┌────────

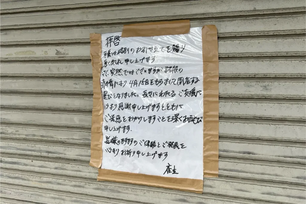 千里山駅の西側の上り坂を少し上がった場所にあった、きれいなブルーのひさしが目を引く「千里山の八百屋さん」。先日この前を通りがかった際に、シャッター前に閉店のお知らせが貼ってあることに気が付きました…!
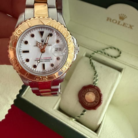 Dette Pearlmaster er fremstillet i 18 kt. guld, og det er udstyret med en bezel prydet med diamanter. Kombineret med en hvide skive og romertal, er den ikke en model, man ser ofte.
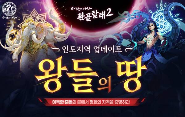 '환골탈태2' 3차 업데이트로 선보이는 '왕들의 땅'은 8차 승급 이후 즐길 수 있는 신규 최상위 사냥터로, 실제 인도 신화에 존재하는 지역을 새롭게 해석해 구현했다.
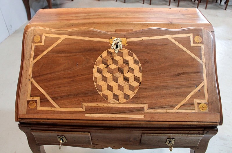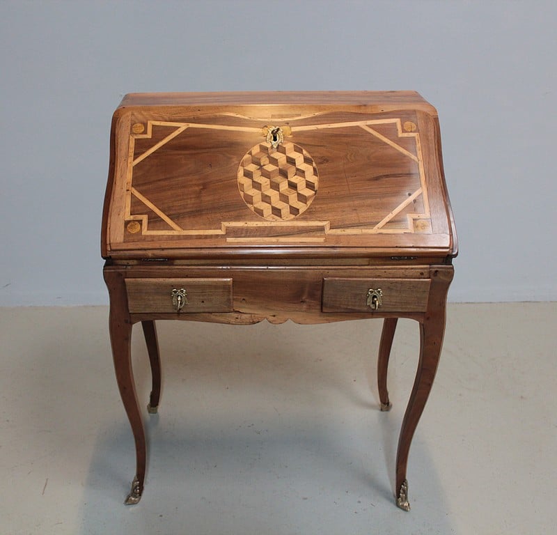 Il ouvre par 2 tiroirs en ceinture et un abattant décoré d’un motif ovale à décor marqueté de cubes et recouvert, à l’intérieur, d’un cuir bordeaux changé.

└────────

▶ **What is being asked**
Write out exactly the lines running from the one with "새롭게 해석해 구현했다." through the end of the material, both ends included, while leaving the pictures out.

▶ **Answer box**
 '환골탈태2' 3차 업데이트로 선보이는 '왕들의 땅'은 8차 승급 이후 즐길 수 있는 신규 최상위 사냥터로, 실제 인도 신화에 존재하는 지역을 새롭게 해석해 구현했다.
 Il ouvre par 2 tiroirs en ceinture et un abattant décoré d’un motif ovale à décor marqueté de cubes et recouvert, à l’intérieur, d’un cuir bordeaux changé.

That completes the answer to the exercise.